B.C. citizens take back seat to elite

WHISTLER – B.C.’s 3,500 striking ambulance paramedics say elite Olympics trials are getting priority over emergency services for B.C. residents.

The Ambulance Paramedics of BC, CUPE 873, say many B.C. communities have been left without any ambulances while the BC Ambulance Service has dedicated ambulances and paramedics to the Whistler Sliding Centre for three weeks of practice for visiting Olympic athletes.

The paramedics have set up periodic picket lines outside the Sliding Centre to inform the public. They stress that the government’s first priority should be providing ambulance services for B.C. communities.

“That so many ambulance resources are being provided for these Olympics trials at a time when the public goes without illustrates the provincial government’s skewed priorities for our ambulance system. We have been saying for the last four years that the system is in critical condition,” said CUPE 873 local president John Strohmaier.

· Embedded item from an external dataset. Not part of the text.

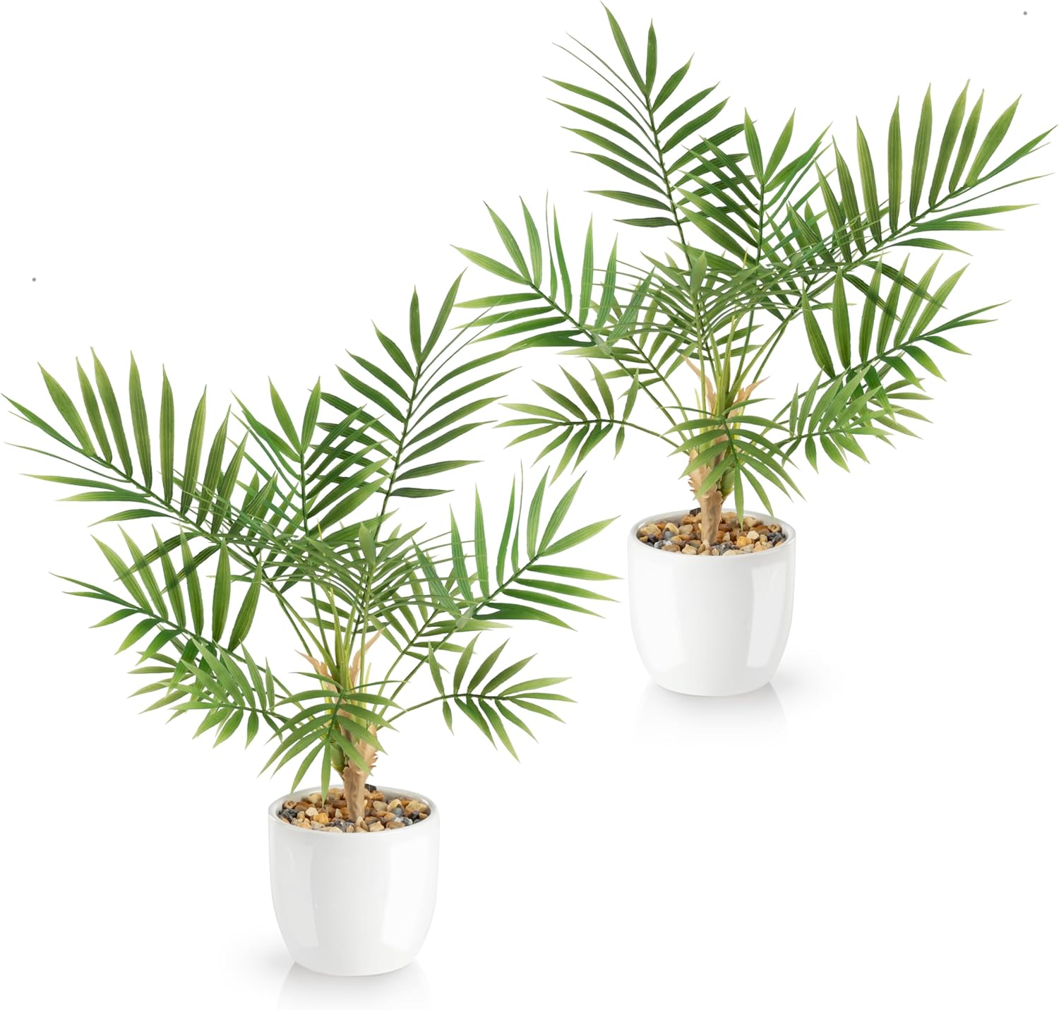• Истинска керамика – ние умишлено не използваме евтини пластмасови саксии с нашите изкуствени растения, защото само благодарение на елегантните керамични саксии с висок гланц, изкуствените саксийни растения изглеждат естествено и елегантно. Яркото бяло на саксиите подчертава освежаващите зелени цветове на изкуствените растения и изкуствените палми.

CUPE 873 members point out that a B.C. Labour Relations Board order says they must staff Olympics trials, including the current Sliding Centre trials for luge, bobsleigh and skeleton. Strohmaier says the province has been willing to pay expenses and travel time for paramedics at the Olympics trials – something they have not been willing to provide for B.C. paramedics serving the public.

The trials call for two ambulances – the same as the number allotted for the entire Whistler village. The paramedics say that as many as 20 B.C. communities are left with no ambulances on any given day.

“We believe that if the government is serious about providing the best ambulance service possible it should focus on all our citizens, not just elite athletes.” The paramedics have been on strike since April 1 for better response times, wages, equipment and staffing levels.